These models provide output power up to 650 watts in a board space of less than two square inches in a 1U high package that measures 3.54 × 0.56 × 1.13 in. (89,9 × 14,2 × 28,7 mm).

The high power and compact size of the BCM array modules yield power densities up to 290 W/in3, resulting in a very small footprint on the PC board.

A very important attribute is that VI BRICK BCM arrays are easily paralleled. Each array has up to 650-Watt output capability. If more power is needed, multiple arrays can very easily be put together to create a larger array for higher power such as for a server or in telecommunications. When connected in an array with other BCMs (all with the same K factor), the BCM module will inherently share the load current with parallel units, according to the equivalent impedance divider that the system implements from the power source to the point of load. It is important to know that, when started, BCMs are capable of bidirectional operation (reverse power transfer is enabled if the BCM input falls within its operating range and the BCM is otherwise enabled). In parallel arrays, because of the resistive behavior, circulating currents are never experienced because of the energy conservation law.

A couple of examples demonstrate the distribution of a high offline voltage (including the AC to HVDC “silver box” for rectification, EMI and inrush current protection, and power factor correction) to the motherboard for final distribution on the board. Incidentally, the silver box is simpler at this high voltage stage, reducing its size by more than 50%.

The example in Fig. 2 shows the post “silver box” 380 Vdc distributed directly to the blade, which virtually eliminates distribution losses because the I2R loss is 0.1% of the loss that would have been incurred if the distribution had been done at 12 V. Obviously, at 380 V, the wiring and connector sizes and costs are much less. The 380 V to 12 V conversion is done on the blade, leaving minimal distance to the voltage regulators.

The example in Fig. 3 also shows the post “silver-box” 380 Vdc distributed directly to the blade with the same high-voltage distribution benefits. In this case, however, the conversion on the blade is 380 Vdc to 48 Vdc. The voltage regulators have been replaced by PRM-VTM pairs, which convert the 48 V to 1.x V at the highest efficiency and the smallest conversion package at the load. This arrangement minimizes on-blade distribution loss.

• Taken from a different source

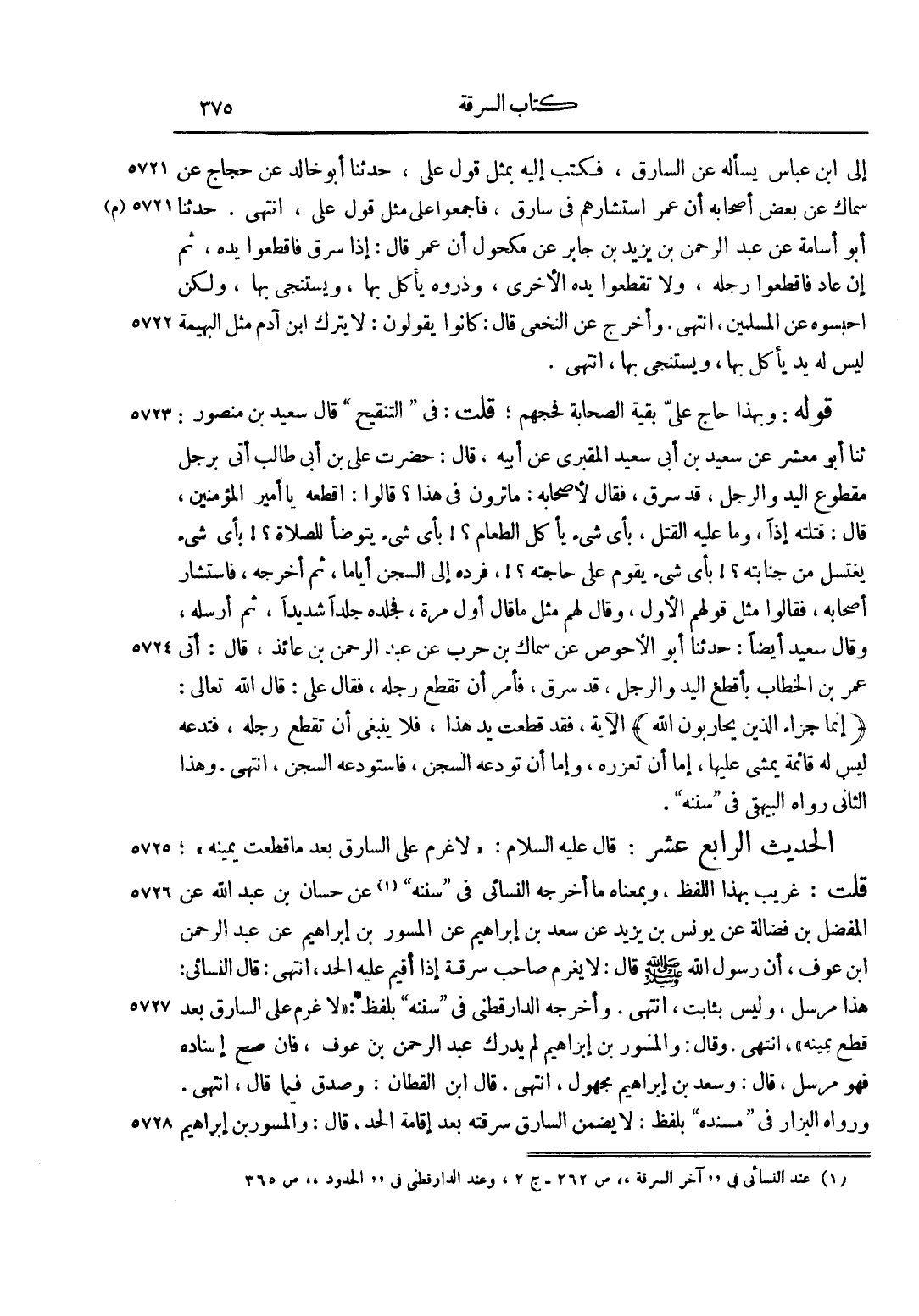 قَوْلُهُ: وَبِهَذَا حَاجَّ عَلِيٌّ بَقِيَّةَ الصَّحَابَةِ فَحَجَّهُمْ، قُلْت: فِي "التَّنْقِيحِ" قَالَ سَعِيدُ بْنُ مَنْصُورٍ: ثَنَا أَبُو مَعْشَرٍ عَنْ سَعِيدِ بْنِ أَبِي سَعِيدٍ الْمَقْبُرِيِّ عَنْ أَبِيهِ، قَالَ: حَضَرْت عَلِيَّ بْنَ أَبِي طَالِبٍ أُتِيَ بِرَجُلٍ مَقْطُوعَ الْيَدِ وَالرِّجْلِ، قَدْ سَرَقَ، فَقَالَ لِأَصْحَابِهِ: مَا تَرَوْنَ فِي هَذَا؟ قَالُوا: اقْطَعْهُ يَا أَمِيرَ الْمُؤْمِنِينَ، قَالَ: قَتَلْتُهُ إذًا، وَمَا عَلَيْهِ الْقَتْلُ، بِأَيِّ شَيْءٍ يَأْكُلُ الطَّعَامَ؟! بِأَيِّ شَيْءٍ يَتَوَضَّأُ لِلصَّلَاةِ؟! بِأَيِّ شَيْءٍ يَغْتَسِلُ مِنْ جَنَابَتِهِ؟! بِأَيِّ شَيْءٍ يَقُومُ عَلَى حَاجَتِهِ؟!، فَرَدَّهُ إلَى السِّجْنِ أَيَّامًا، ثُمَّ أَخْرَجَهُ، فَاسْتَشَارَ أَصْحَابَهُ، فَقَالُوا مِثْلَ قَوْلِهِمْ الْأَوَّلِ، وَقَالَ لَهُمْ مِثْلَ مَا قَالَ أَوَّلَ مَرَّةٍ، فَجَلَدَهُ جَلْدًا شَدِيدًا، ثُمَّ أَرْسَلَهُ، وَقَالَ سَعِيدٌ أَيْضًا: حَدَّثَنَا أَبُو الْأَحْوَصِ عَنْ سِمَاكِ بْنِ حَرْبٍ عَنْ عَبْدِ الرَّحْمَنِ بْنِ عَائِذٍ، قَالَ: أُتِيَ عُمَرُ بْنُ الْخَطَّابِ بِأَقْطَعِ الْيَدِ وَالرِّجْلِ، قَدْ سَرَقَ، فَأَمَرَ أَنْ تُقْطَعَ رِجْلُهُ، فَقَالَ عَلِيٌّ: قَالَ اللَّهُ تَعَالَى: {إنَّمَا جَزَاءُ الَّذِينَ يُحَارِبُونَ اللَّهَ} الْآيَةَ، فَقَدْ قَطَعْتَ يَدَ هَذَا، فَلَا يَنْبَغِي أَنْ تَقْطَعَ رِجْلَهُ، فَتَدَعَهُ لَيْسَ لَهُ قَائِمَةٌ يَمْشِي عَلَيْهَا، إمَّا أَنْ تُعَزِّرَهُ، وَإِمَّا أَنْ تُودِعَهُ السِّجْنَ، فَاسْتَوْدَعَهُ السِّجْنَ، انْتَهَى. وَهَذَا الثَّانِي رَوَاهُ الْبَيْهَقِيُّ فِي "سُنَنِهِ".

Both the VI BRICK PRM and VTM can achieve higher than 96% efficiency. Overall efficiency for a power system - including the combination of a PRM and a VTM - operating from an unregulated DC source and supplying a low-voltage DC output - typically ranges from 90% to 95%.

In many cases, it's possible to achieve overall efficiency exceeding 92% even at full load. With higher efficiency comes lower total heat dissipation, another important consideration in power systems design.

Download the story in pdf format here.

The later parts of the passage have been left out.